2) Konsentrasi glukosa darah puasa 126 mg/dl atau lebih tinggi.
3) Kadar glukosa darah puasa setelah asupan glukosa per oral 200 mg/dl atau lebih.
(Jaime Stockslager L dan Liz Schaeffer, 2007)
d. Pemeriksaan Hemoglobin Terglikosilasi (hemoglobin A atau HbA1c)
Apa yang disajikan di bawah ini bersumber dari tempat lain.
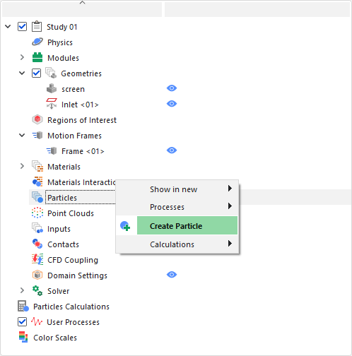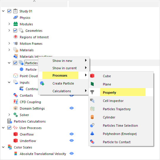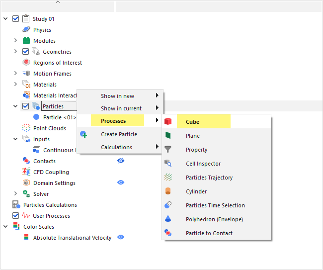 右键选择模型树节点 Particles,点击弹出菜单项Processes → Cube
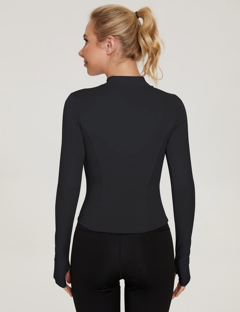 Women's Cropped Workout Jacket Zip Up Running Athletic Outwear Slim Fit Long Sleeve Yoga Top SPORTSWEAR FABRIC:The fabric is super supportive, soft, light weight and stretchy,This active wear feel like a second skin,comfortable and smooth,ensuring you don't feel restricted while you train FASHION CROPPED DESIGN:This is a really nice fitting and slim cut workout jacket.The waist line perfectly shows the figure.It’s high stretchy helps to sculpt your body,make you looks more cute and attrictive. FULL ZIP WITH THUMB HOLES: Detached zip-up jacket is easier for you to put on or take off during exercise,blocks the sun with the popped collar and long sleeves and they also help you to keep warm in cold weather. COLLOCATIONS:Our workout tops goes perfect with Leggings, Sports Skirts,Shorts or Casual Cargo Joggers. MULTI-OCCASION:This women's jacket is the perfect choice for running ,yoga and workouts, and it is going to be the new trend for street wear.
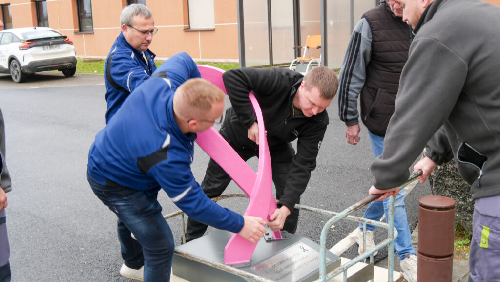 Les équipes des Fonderies Hachette et Driout ont mobilisé tout leur savoir-faire pour donner vie à un projet symbolique : une pièce en acier représentant le ruban d’Octobre Rose, réalisée grâce à des techniques traditionnelles de modelage et à l’expertise unique de ses collaborateurs.
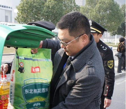 在“大爱星空体育网页版,星空体育(中国)官方网站登录界面•感动合肥”活动中,陈总为困难家庭将捐助的大米送上车。
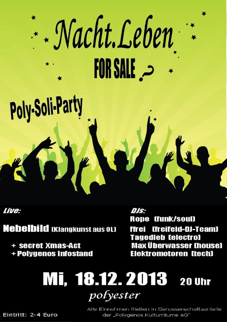 Die Poly-Soli-Party („Nacht.Leben for Sale?“). Ein Abend voll tanzbarer Livemusic und DJ-Zelebration zu Gunsten der Polygenos-Genossenschaft erwartet euch ab 20 Uhr im Polyester.
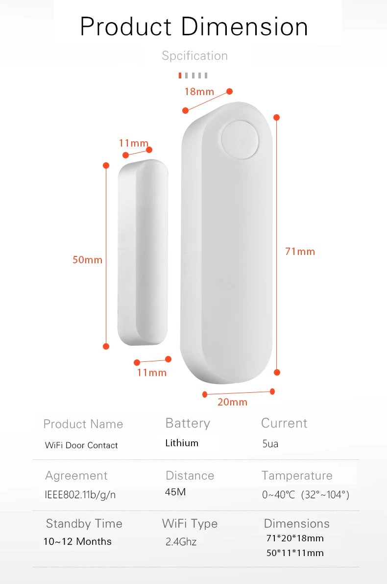Примечание: Этот дверной датчик работает только с Wi-Fi роутером 2,4G Hz. Широкий зазор позволяет достигать 1 см при закрытии двери/окна. Датчик двери работает с батареей 1xCR2(Аккумулятор включен). Пожалуйста, прочитайте шаги подключения по рекламе и руководство по эксплуатации, которое находится в посылка перед установкой дверного датчика.
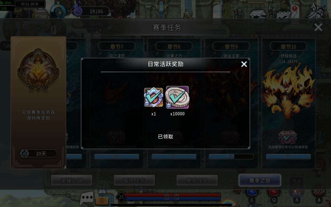 日常活跃度与周活跃度奖励(随赛季天赋等级提升)
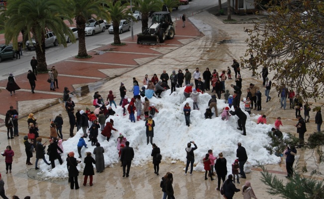 Antalya’nın Alanya ilçesinde Alanya Belediyesi tarafından Torosların eteğinden İskele Şelale Meydanı’na getirilen 8 kamyon dolusu kar, 7’den 70’e herkesin eğlencesi oldu.
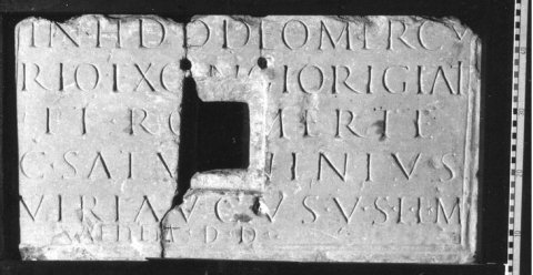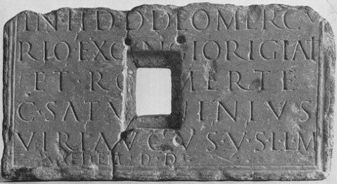 - In h(onorem) d(omus) d(ivinae) deo Mercu/rio Excingiorigiati / et Ro[s]mert(a)e / C(aius) Satu[r]ninius / Viriaucus v(otum) s(olvit) l(ibens) l(aetus) m(erito) / aedem d(onum) d(edit)

Menggambarkan kadar rata-rata glukosa serum dalam 3 bulan sebelumnya, biasanya
dilakukan untuk memantau keefektifan terapi antidiabetik. Pemeriksaan ini sangat
berguna, tetapi peningkatan hasil telah ditemukan pada lansia dengan toleransi glukosa
normal. (Jaime Stockslager L dan Liz Schaeffer, 2007)
e. Fruktosamina serum
Menggambarkan kadar glukosa serum rata-rata selama 2 sampai 3 minggu sebelumnya,
merupakan indicator yang lebih baik pada lansia karena kurang menimbulkan
kesalahan. Sayangnya pemeriksaan ini tidak stabil sehingga jarang dilakukan. Namun
pemeriksaan ini dapat bermanfaat pada keadaan dimana pengukuran AIC tidak dapat
dipercaya, misalnya pada keadaan anemia hemolitik. (Jaime Stockslager L dan Liz
Schaeffer, 2007)
f. Pemeriksaan keton urine
Kadar glukosa darah yang terlalu tinggi dan kurang hormone insulin menyebabkan
tubuh menggunakan lemak sebagai sumber energy. Keton urin dapat diperiksa dengan
menggunkan reaksi kolorimetrik antara benda keton dan nitroprusid yang menghasilkan
warna ungu. (FKUI,2011)
g. Pemeriksaan Hiperglikemia Kronik (Test AIC)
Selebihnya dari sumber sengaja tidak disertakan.